Furthermore, a considerable amount of information that would have been relevant to the evaluation of the methodological quality seemed to be missing. An adequate description of the randomization procedure is very important, as randomization/matching is necessary to prevent selection bias. An adequate description of such randomization was provided in only 4 of the articles, while 3 others gave some information. It should be pointed out that even the use of an adequate randomization procedure does not guarantee equal distribution of prognostic factors and confounding variables among the study groups, particularly if the groups are relatively small.

Information about the participants and baseline values of outcome measures was indicative of the success of the randomization procedure. Seven articles reported at least some of the baseline characteristics. Six articles provided a description of co-interventions.

Almost all the articles (13 of 14) presented relevant outcome measures of which pain relief and less dolor as an inflammation symptom differed from patient to patient because of its subjective character, but only two of the studies had applied a blinded assessment to them. Thirteen articles reported side effects. Although side effects were often considered to be moderate or mild in the studies evaluated here, a small number of participants discontinued application of DMSO because of adverse reactions.

This review did not include an assessment of the quality of the outcome measures as the outcome measures included in the authors’ criteria list for methodological assessment of these studies could not be ranked in a priority list. The authors’ list included the most important ones based on literature findings; most of these measures probably have been designed on the basis of face validity. The studies reviewed were given one point for each outcome measure reported. Only five articles mentioned the presence of an informed consent procedure and approval by a medical ethics committee. One article mentioned the presence of an informed consent procedure only.

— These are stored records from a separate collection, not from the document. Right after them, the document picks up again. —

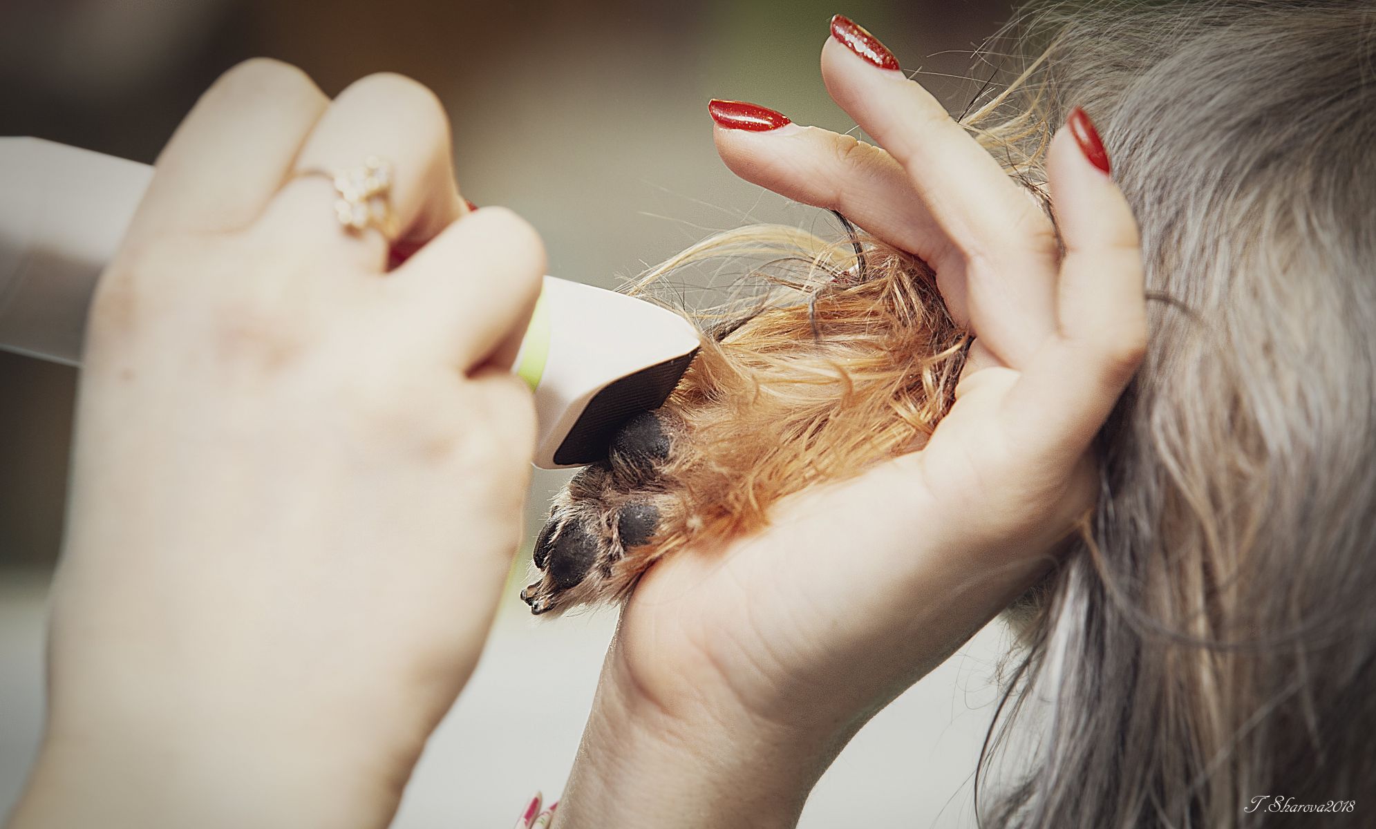 4. Spraying with an anti-static spray and brushing out dead undercoat while drying each strand of fur.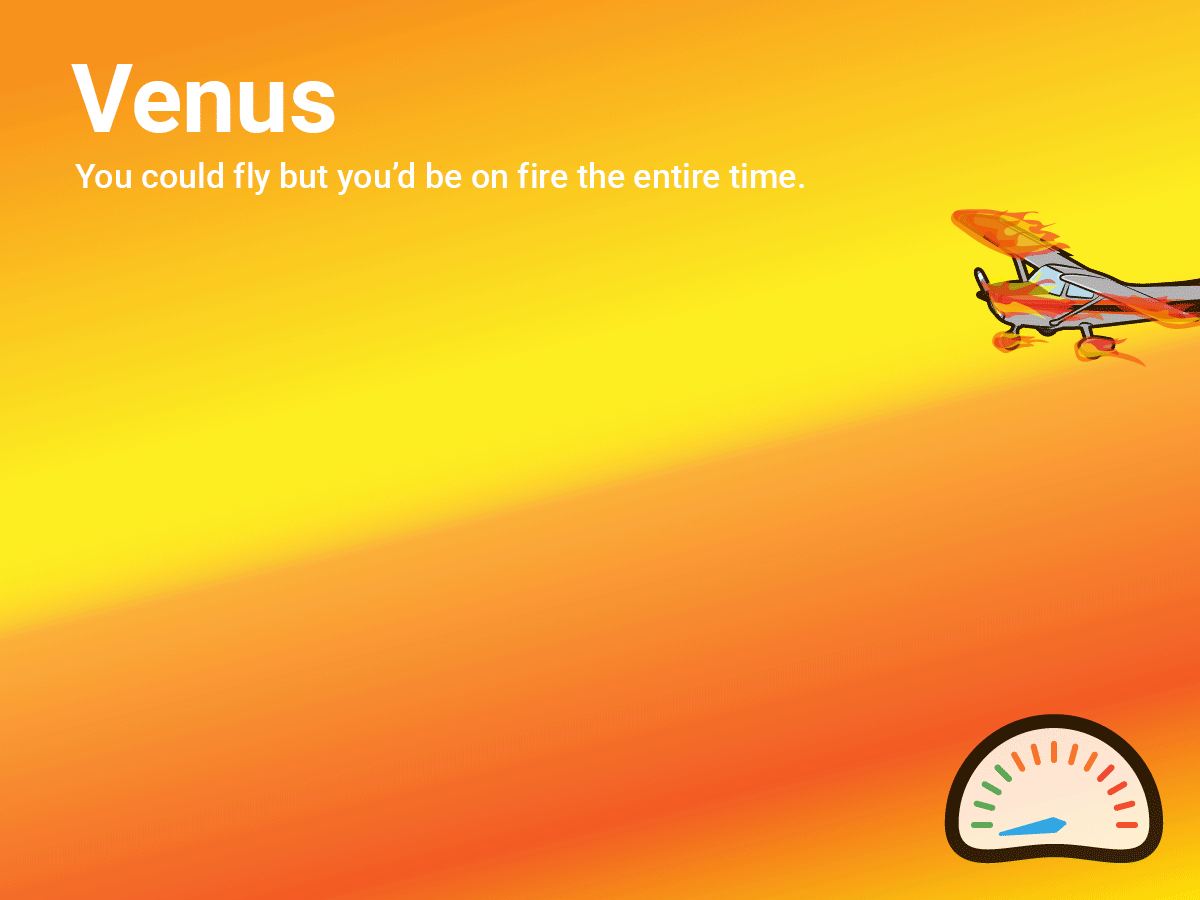 假如你在水星、金星及太阳系内其它行星上开飞机,那么恶劣环境将以各种可怕方式毁灭你和飞机。但具体情形究竟如何?Randall Munroe为你解答如下: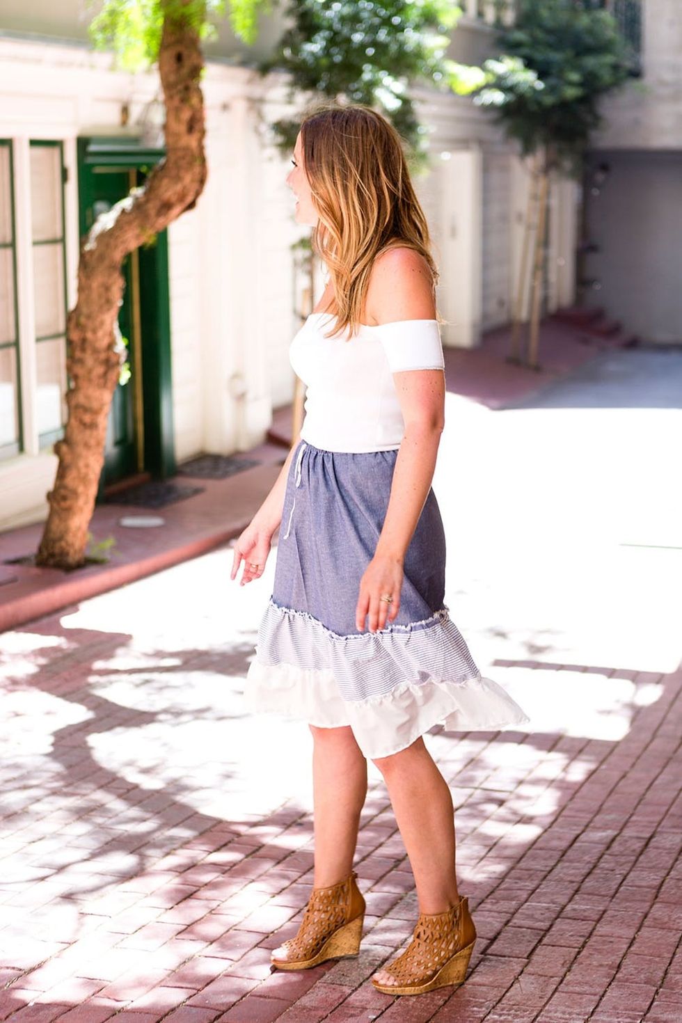 Pair this layered skirt with a stacked heel and a trendy off-the-shoulder top.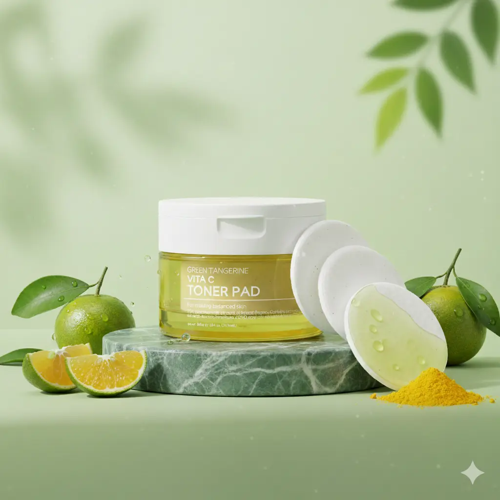 Tenzero Green Tangerine Vita C Toner Pad is a refreshing daily skincare essential designed to brighten, hydrate, and smooth your complexion. Infused with antioxidant-rich Green Tangerine Vitamin C, these soft 100% natural cotton pads gently sweep away impurities while delivering a burst of moisture and radiance.

The interpretation of the efficacy of DMSO depends partly on information on the use of co-interventions and the participants’ adherence to the treatment regimen. As mentioned above, six articles described the use or absence of co-interventions; the others presented little information about the use of co-interventions. Seven articles described dropout rates.

Although the studies were based on small samples and often lacked reference groups, the authors concluded that it seems safe to use DMSO on the human skin, either by rubbing or by spraying. The indication is to use DMSO in concentrations less than 50 percent because of the increasing risk of side effects at concentrations exceeding 50 percent. At concentrations below 50 percent, DMSO has favorable effects on inflammation and wound healing, as well as an analgesic effect, which is of course also an important aspect for the patient.